S-497-119
Read twice and referred to the Committee on Finance.
Sponsored by Bill Hagerty (R-TN)
What it does
This bill would strip federal tax-exempt status under IRC Section 501(c)(3) from nonprofit organizations that engage in a "pattern or practice" of knowingly providing financial assistance, benefits, services, or other material support to individuals the organization knows or reasonably should know are unlawfully present in the United States. The bill includes two explicit carve-outs: organizations would not be required to verify immigration status, and organizations would not be required to act in violation of their religious beliefs.
Who benefits
Taxpayers who oppose federal tax subsidies (via exemptions) flowing to organizations that serve unauthorized immigrants. Immigration enforcement advocates who argue tax policy should not indirectly support unauthorized presence. Competing nonprofits that do not serve unauthorized immigrants and would face no new restrictions. Federal and state governments that would collect additional tax revenue from organizations losing exempt status.
Who is hurt
Nonprofit organizations — including religious charities, food banks, homeless shelters, legal aid societies, health clinics, and disaster relief organizations — that currently serve mixed-status or undocumented populations and rely on 501(c)(3) status for donations and grants. Unauthorized immigrants who depend on these services for food, shelter, medical care, and legal assistance. U.S. citizen and lawful resident family members of unauthorized immigrants who use the same nonprofit services. Donors to affected nonprofits who would lose the charitable deduction for contributions. Nonprofit employees and volunteers whose organizations could lose funding and operational capacity.
Supporters argue
Supporters argue that federal tax-exempt status is a government subsidy — effectively a taxpayer-funded benefit — and that it is reasonable public policy to deny that subsidy to organizations that knowingly facilitate unauthorized immigration. They contend that existing law already bars 501(c)(3) organizations from engaging in substantial illegal activity, and this bill simply clarifies and enforces that principle with respect to a specific, identifiable pattern of conduct.
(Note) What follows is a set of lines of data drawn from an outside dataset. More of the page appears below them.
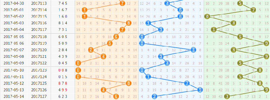 十位:近期十位上的跨度走势(3-0-8-5-1-4-1-6-2-7),根据跨度公式推算,本期留意跨幅小跨隔期开出,防大跨连续出号,推荐小跨2、3防大跨5。推荐号码4、5、7
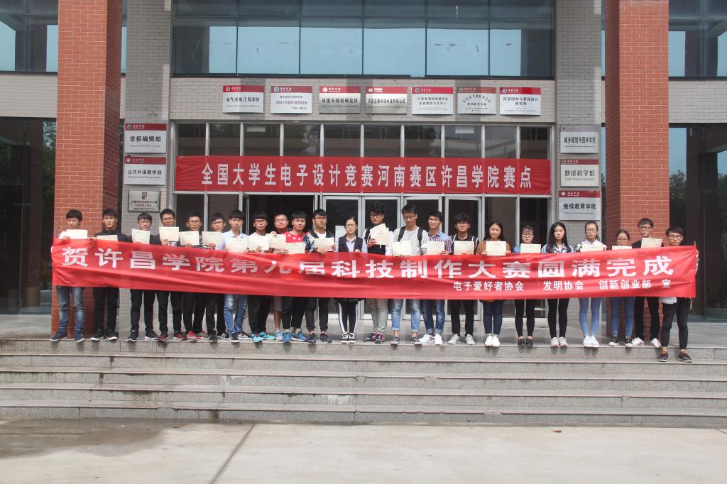 2017年9月28日,经过三轮激烈比拼,许昌学院第九届科技制作大赛取得圆满成功。此次比赛以丰富校园文化、激发学生的创新思维、提升学生的技术应用能力和科技创新能力为目标,由电气(机电)工程学院电子爱好者协会、发明协会、创新创业部联合举办。
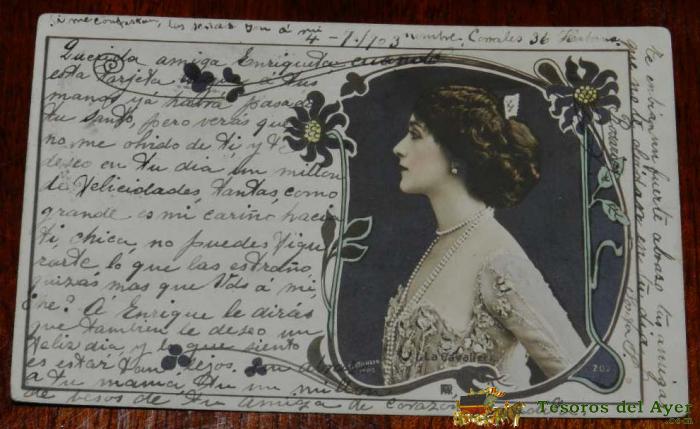 ANTIGUA POSTAL DE LINA CAVALIERI - ACTRIZ, MODERNISTA, CIRCULADA DESDE LA HABANA EN 1902.REUTLINGER
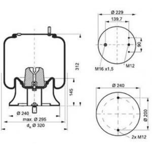Пневморесора IVECO 370, EUROCARGO I-III, EUROTECH MH, EUROTECH MP, EUROTECH MT, TURBOSTAR, TURBOTECH; MERCEDES OH, TOURO (O 500) 01.70-
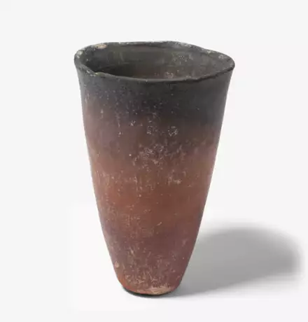 Prädynastisch, Naqada I-II, 4.Jtd. v. Chr. Spitzer Becher mit kleiner Standfläche. Schwarz geschmauchter Rand. H 14 cm.
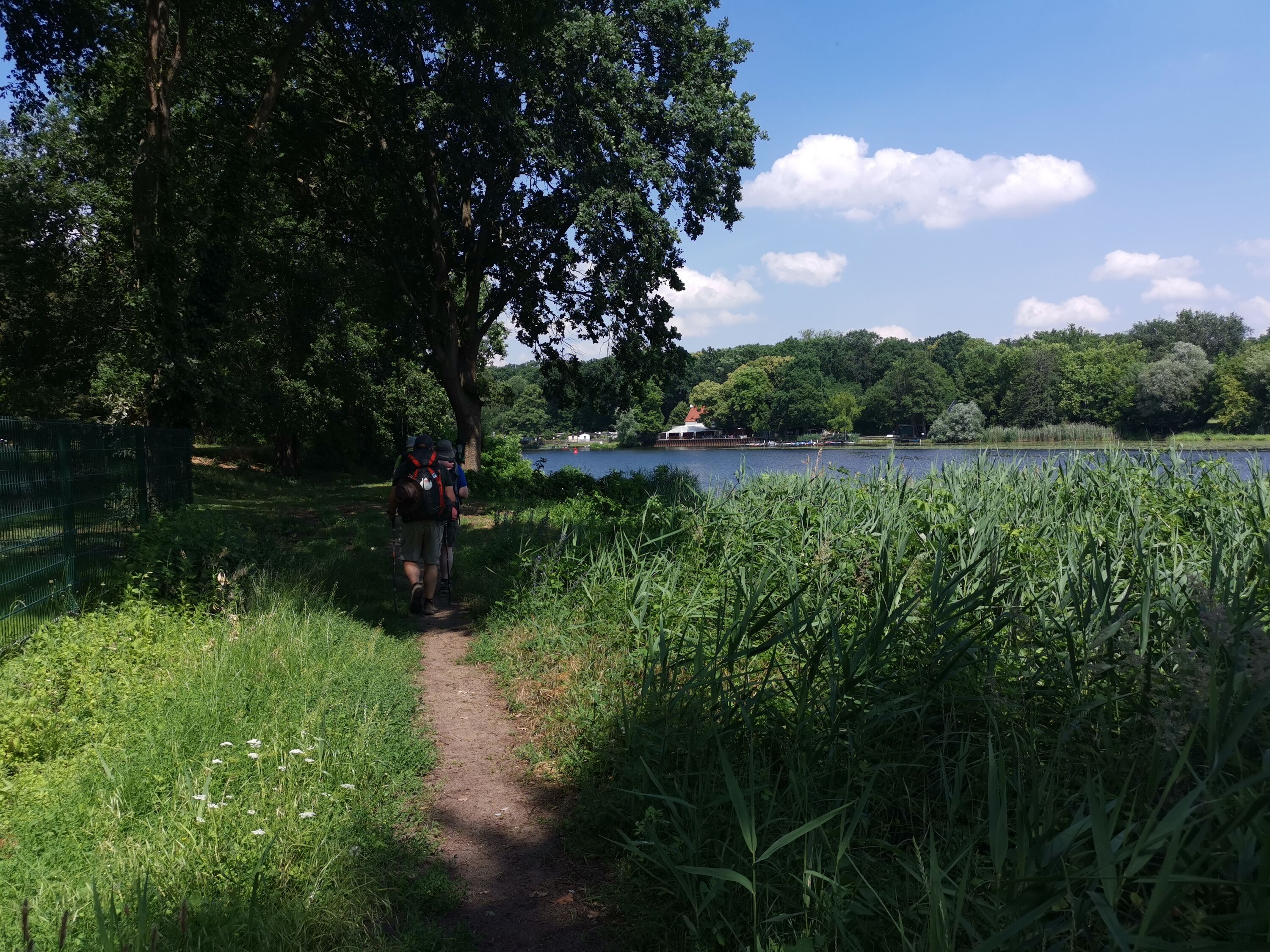 In der Sonne an der Müggelspree traten wir den finalen Marsch nach Hangelsberg an, wo wir ein kühles Getränk genossen. Anschließend trennten sich die Wege der Gruppe - ähnlich wie bei unserer Jakobsmuschel mit ihren Strahlen flogen die Pilger wieder in alle Richtungen aus. Bis auf ein Wiedersehen und es soweit ist, dass sich die Muschelstrahlen wieder treffen.

They further argue the bill includes meaningful protections: it does not require organizations to conduct immigration checks, and it exempts religiously motivated conduct, limiting its burden on faith-based charities.
Opponents argue
Opponents argue that revoking tax-exempt status from charities providing food, shelter, and medical care would cause direct harm to vulnerable people — including children and the elderly — regardless of immigration status, and that many affected services (e.g., emergency medical care, disaster relief) are provided without any practical ability to screen recipients. They contend the "reasonably should know" standard is vague and could chill charitable activity well beyond its intended targets, as organizations may preemptively restrict services to avoid IRS scrutiny. They further argue the bill creates an unequal enforcement burden on nonprofits serving low-income and immigrant communities compared to those serving wealthier populations.